Глеб Горбовский - Пугало.
— Слышь-ка, лейтенант, — обратился к Лебедеву Смурыгин. — Значит, плюешь на голос общественности? Игнорируешь? Смотри, не шибко-то…
— А вы, Станислав Иванович, вообще тут гость приезжий, дачник! В городе прописаны.
— Ладно, не горячись, лейтенант. Поезжайте, выясняйте. Я к тому, что праздник ты мне испортил своей подозрительностью. И заруби себе на носу: никакой я не гость, не дачник, а гражданин Советского Союза! Хоть и на пенсии.
— А я при исполнении!
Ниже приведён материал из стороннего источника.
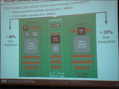 采用分立器件,GaNpowIR技術,DrMOS方案功率密度比較

Есть разница?!
— Разница, говоришь? — отставник, привыкший повелевать, словно в стену с разбега уткнулся — замолк, осадил в беге словесном. — Да-a, парень, разница огромная. Между нами. Как между желтой и красной нашивкой за ранение. Но учти, петушок, я хоть и тяжелораненый, однако живой еще! И сопротивление оказать могу всеми средствами!
— А мы, что, с вами… в состоянии войны? — улыбнулся лейтенант, остывая. — Сказано: туда-обратно — значит, так оно и будет. Почему не верите? Допустим, как милиционеру не доверяете, а как человеку — почему?! Могу обидеться. Ну, ладно. Спасибо за угощение, Станислав Иваныч. И не обижайтесь. Вы же сам офицер. Должны понять.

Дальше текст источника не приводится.